09 janeiro 09:55 2009

Protestos contra demissões na Vale do Rio Doce e na TRW  Protesto na TRW, em DiademaOs trabalhadores da Vale do Rio Doce, sede Itabira (MG), e os metalúrgicos da TRW (Diadema), protestaram nesta quinta-feira (8) contra as demissões que vêm ocorrendo nas empresas. A CUT/MG mobilizou cerca de 350 trabalhadores na entrada principal.


O protesto que durou toda madrugada (0h e 6h da manhã) é contra o aumento do número de férias coletivas e demissões. No último dia 3 de dezembro, a Vale do Rio Doce anunciou a demissão de 260 trabalhadores no estado de Minas Gerais. Em todo o mundo, a empresa dispensou 1,3 mil funcionários.

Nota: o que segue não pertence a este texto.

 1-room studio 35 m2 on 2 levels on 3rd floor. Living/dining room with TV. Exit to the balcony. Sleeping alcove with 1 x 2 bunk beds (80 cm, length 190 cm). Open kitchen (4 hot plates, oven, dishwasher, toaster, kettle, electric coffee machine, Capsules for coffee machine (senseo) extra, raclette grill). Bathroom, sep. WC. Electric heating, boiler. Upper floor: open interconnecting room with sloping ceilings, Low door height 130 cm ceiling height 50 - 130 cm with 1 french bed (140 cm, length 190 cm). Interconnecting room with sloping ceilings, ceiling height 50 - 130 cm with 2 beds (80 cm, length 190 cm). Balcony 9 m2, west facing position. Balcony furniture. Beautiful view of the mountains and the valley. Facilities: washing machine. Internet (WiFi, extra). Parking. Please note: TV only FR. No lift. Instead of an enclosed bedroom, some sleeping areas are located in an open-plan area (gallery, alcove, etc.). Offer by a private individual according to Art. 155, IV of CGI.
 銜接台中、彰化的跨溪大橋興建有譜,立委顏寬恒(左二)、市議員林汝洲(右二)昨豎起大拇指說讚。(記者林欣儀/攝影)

Para o presidente da CUT Minas, Marco Antônio de Jesus, as empresas estão aproveitando o momento de crise para flexibilizar os direitos dos trabalhadores. ‘A crise existe e, em alguns setores chegou mais rápido e em outros ainda não. A Vale tem condições de bancar seus funcionários por mais um ano. Não aceitaremos que os trabalhadores paguem a conta e estaremos empenhados para que este tipo de mobilização que ocorreu hoje se estenda para outras regiões’, enfatizou.


Na avaliação do presidente do Metabase, de Itabira, Paulo Soares de Souza, o cenário é de indignação. ‘A empresa ameaçou os trabalhadores com demissões caso participassem da mobilização’.

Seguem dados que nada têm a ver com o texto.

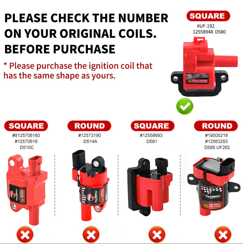 Details: 100% Brand New Items, Never Used Or Installed High quality Proper alignment, positioning and spacing for faster, easier installation Designed to meet or exceed specifications in form, fit and function High quality components and materials Superior performance and reliability Feature: Terminal Connection: 4 Pins Better than OEM QUALITY replacement Our parts are bought from the same factories as major auto parts dealers! Part Number: 12556450, 12558948, E247, 5C1078, C1144, UF192, D580, 52-1573, IC334, 3861267 Automotiveparts_aa Best choice of motor parts Item Specifics Interchange Part Number 12556450 12558948 E247 5C1078 Type Ignition Coil Other Part Number 52-1573, IC334, 12558948 / 3861267 / 5C1078 Interchange Part Number 1 C1144, UF192, D580 Manufacturer Part Number UF192 C1144 Brand Carbole Fitment 1 2004-2005 Cadillac CTS V8 5.7L Fitment 2 2002 Chevrolet Avalanche 2500 V8 8.1L Fitment 3 1999-2000 Chevrolet B7 V8 7.4L Fitment 4 2001-2002 Chevrolet B7 V8 8.1L Fitment 5 2001-2002 Chevrolet C3500HD V8 8.1L Fitment 6 1999-2000 C6500 Kodiak V8 7.4L Fitment 7 1999-2000 V7500 Kodiak V8 7.4L Fitment 8 1998-2002 Chevrolt Camaro V8 5.7L Fitment 9 1998-1999 Chevrolet Corvette V8 5.7L Fitment 10 1998-1999 Chevrolet P30 V8 7.4L Fitment 11 2001-2002 Chevrolet Silverado 2500HD V8 8.1L Fitment 12 2001-2002 Chevrolet Silverado 3500 V8 8.1L Fitment 13 2001-2002 GMC C3500HD V8 8.1L Fitment 14 2003-2004 GMC C4500 Topkick V8 8.1L Fitment 15 1999-2000 GMC C6500 Topkick V8 7.4L Fitment 16 2001-2002 GMC C6500 Topkick V8 8.1L Fitment 17 1999-2000 GMC C7500 Topkick V8 7.4L Fitment 18 1998 GMC P3500 V8 7.4L Fitment 19 2001-2002 GMC Sierra 2500 HD V8 8.1L Fitment 20 2001-2002 GMC Sierra 3500 V8 8.1L Fitment 21 2001-2002 GMC Yukon XL 2500 V8 8.1L Fitment 22 1998-2002 Pontiac Firebird V8 5.7L Part Number 1 12556450, 12558948, E247, 5C1078, C1144 Part Number 2 UF192, D580, 52-1573, IC334, 3861267 Manufacturer Warranty Lifetime Terminal Connection 4 Pins 8XHigh Performance Ignition Coil Pack For Chevrolet GMC LS1 LS6 D580 C1144 UF192 Details: 100% Brand New Items, Never Used Or Installed High quality Proper alignment, positioning and spacing for faster, easier installation Designed to meet or exceed specifications in form, fit and function High quality components and materials Superior performance and reliability Feature: Terminal Connection: 4 Pins Better than OEM QUALITY replacement Our parts are bought from the same factories as major auto parts dealers! Part Number: 12556450, 12558948, E247, 5C1078, C1144, UF192, D580, 52-1573, IC334, 3861267 *Important* Please use the below information to determine if the part(s) in this listing fit your vehicle. Do not rely on the eBay 'compatibility' feature. CHECK OUR FITMENTS LIST: ➙ 2004-2005 Cadillac CTS V8 5.7L ➙ 2002 Chevrolet Avalanche 2500 V8 8.1L ➙ 1999-200 Chevrolet B7 V8 7.4L ➙ 2001-2002 Chevrolet B7 V8 8.1L ➙ 2001-2002 Chevrolet C3500HD V8 8.1L ➙ 1999-2000 C6500 Kodiak V8 7.4L ➙ 1999-2000 V7500 Kodiak V8 7.4L ➙ 1998-2002 Chevrolt Camaro V8 5.7L ➙ 1998-1999 Chevrolet Corvette V8 5.7L ➙ 1998-1999 Chevrolet P30 V8 7.4L ➙ 2001-2002 Chevrolet Silverado 2500HD V8 8.1L ➙ 2001-2002 Chevrolet Silverado 3500 V8 8.1L ➙ 2001-2002 GMC C3500HD V8 8.1L ➙ 2003-2004 GMC C4500 Topkick V8 8.1L ➙ 1999-2000 GMC C6500 Topkick V8 7.4L ➙ 2001-2002 GMC C6500 Topkick V8 8.1L ➙ 1999-2000 GMC C7500 Topkick V8 7.4L ➙ 1998 GMC P3500 V8 7.4L ➙ 2001-2002 GMC Sierra 2500 HD V8 8.1L ➙ 2001-2002 GMC Sierra 3500 V8 8.1L ➙ 2001-2002 GMC Yukon XL 2500 V8 8.1L ➙ 1998-2002 Pontiac Firebird V8 5.7L Compatibility is just for reference. Please compare with your original one before purchasing Installation: 1. Open the ignition coil cover on the top of the engine; 2. Use the wrench to remove the ignition coil fixing screw; 3. Remove the ignition coil. 4. Use a screwdriver to gently tilt up and take out the ignition coil; 5. Put in a new ignition coil and fasten the screws; 6. After connecting the plug, see Cover the top cover. Notes: (1)Please make sure the part numbers matches the part you are replacing. Please review the information above carefully to make sure this part fits your vehicle. (2)If you have questions on whether this part fits your vehicle, please feel free to contact us via eBay.Thank you! (3)We will process your order within 1 business day upon payment. (4)If you have any questions about quality, shipping or other problems, please contact me first via eBay message. (5)Please don't open cases or return requests without contacting me. I will give you a satisfy solution. Certificates of our product: Our Factory: Payment PayPal: We accept Credit card, Debit card, Apple Pay, Google Pay and PayPal. Shipping We ship all items to United States only. International shipping is provided by Ebay global shipping program and is calculated once the items are placed in the shopping cart. Additional shipping fee may be charged for buyers from Puerto Rico, Hawaii, Alaska, Guam, and the U.S. military address of the United States or other remote area (zone 8-10). Returns It is the customers responsibility to get the item postmarked to us within the 60 day return period in NEW, UNUSED condition. If you decide to return your item for any reason please send the items back to the below address along with your receipt or packing slip. Package all items carefully so that they are not damaged during shipping. Items returned past 60 days or damaged will not be refunded. These items will be returned at the buyers expense. Refunds will be processed quickly when package arrival. Contact us immediately! Take photos and note damages. The more details you can provide, the quicker we can assist you. Contact Us If you have any questions, please feel free to consult via eBay message. We will handle it for you as soon as possible. Feedback We maintain high standards of excellence (five stars review)and strive for 100% customer satisfaction! FEEDBACK IS VERY IMPORTANT TO US. W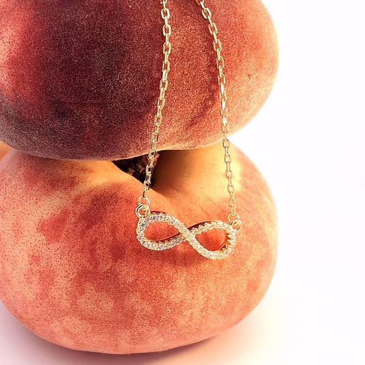 Ketting goudkleurig oneindig hanger afgezet met strass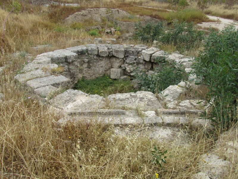 Remains - including a stone cut channel - of a structure sometimes described as a water clock.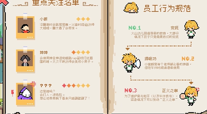 午休时间到是B站UP主“火山哥哥”自制的一款趣味休闲像素风游戏。在游戏里,玩家将化身为幼儿园老师,在午休时段照看一群活泼可爱的小朋友,助力他们安稳入眠。游戏过程中会出现小朋友乱扔玩具、哭闹、乱爬等各类突发状况,玩家得灵活处理这些情况,以维护午休时的秩序。

Em Diadema, mais de 500 trabalhadores se reuniram na porta da TRW, e decidiram intensificar as lutas contra as 210 demissões anunciadas pela empresa no final do ano passado.  ‘Vamos fazer a luta que tiver de ser feita para que a TRW volte atrás nessa decisão arbitrária e truculenta’, afirmou o presidente do Sindicato dos Metalúrgicos do ABC, Sérgio Nobre. 

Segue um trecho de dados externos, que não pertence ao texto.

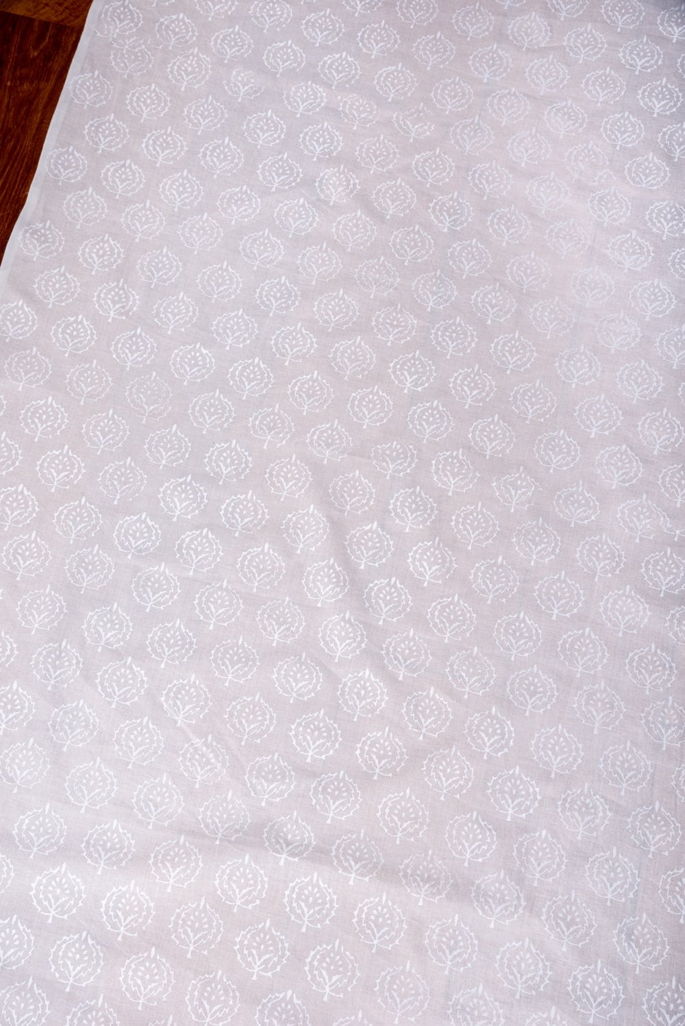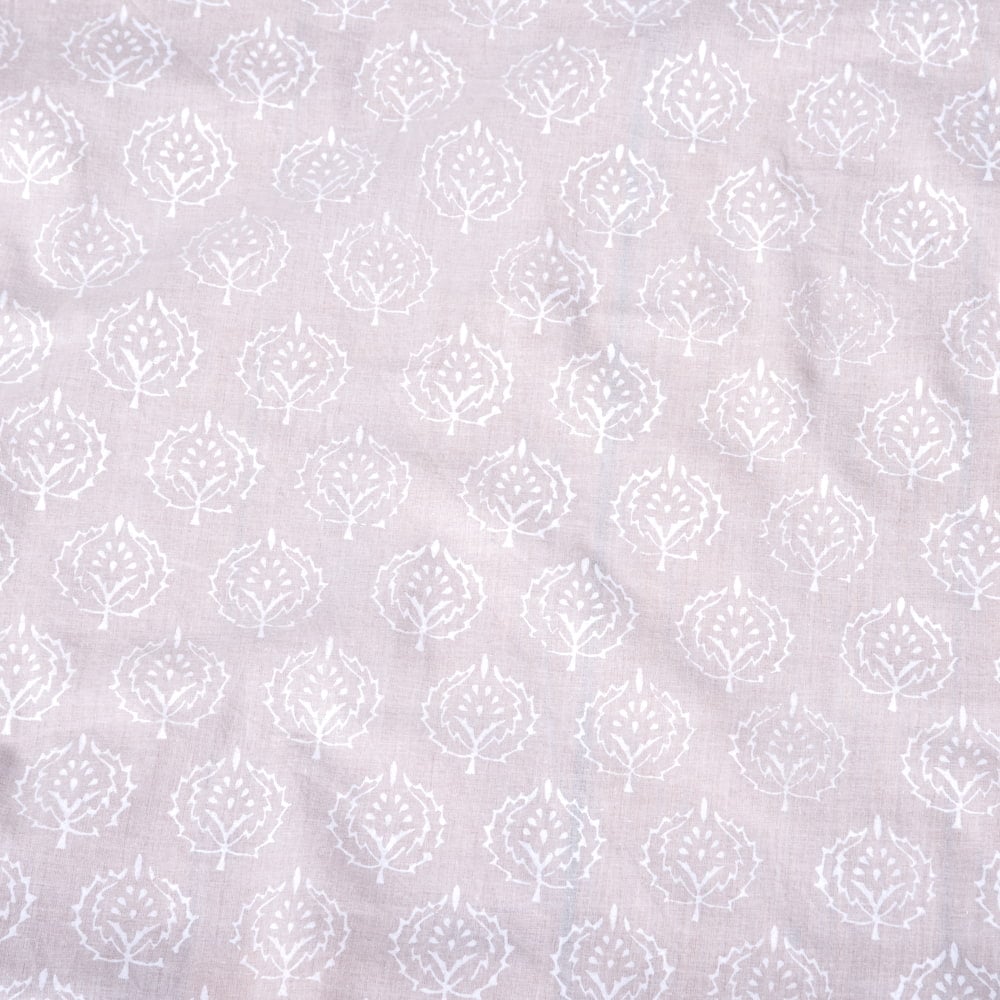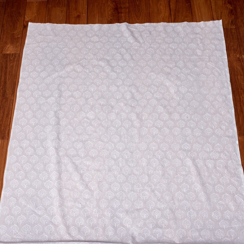 〔1m単位切り売り〕ジャイプル職人手作り サフェードのボタニカルデザイン インド伝統の木版染め更紗生地〔幅約106cm〕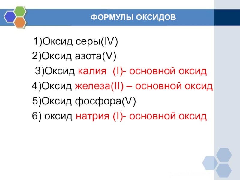 Слайд 6 ФОРМУЛЫ ОКСИДОВ

Segundo ele, as empresas nunca ganharam tanto dinheiro como nos últimos anos e, por isso, também devem contribuir nos momentos de dificuldades. ‘Eles faturaram uma fábula e agora não querem gastar nada com a crise. Por isso, tínhamos que discutir algo como o que os sindicalistas estão reivindicando em países da Europa, que é a cobrança de um imposto de 2% sobre as grandes fortunas em momentos como esses’, defendeu o dirigente. (Ana Paula Carrion)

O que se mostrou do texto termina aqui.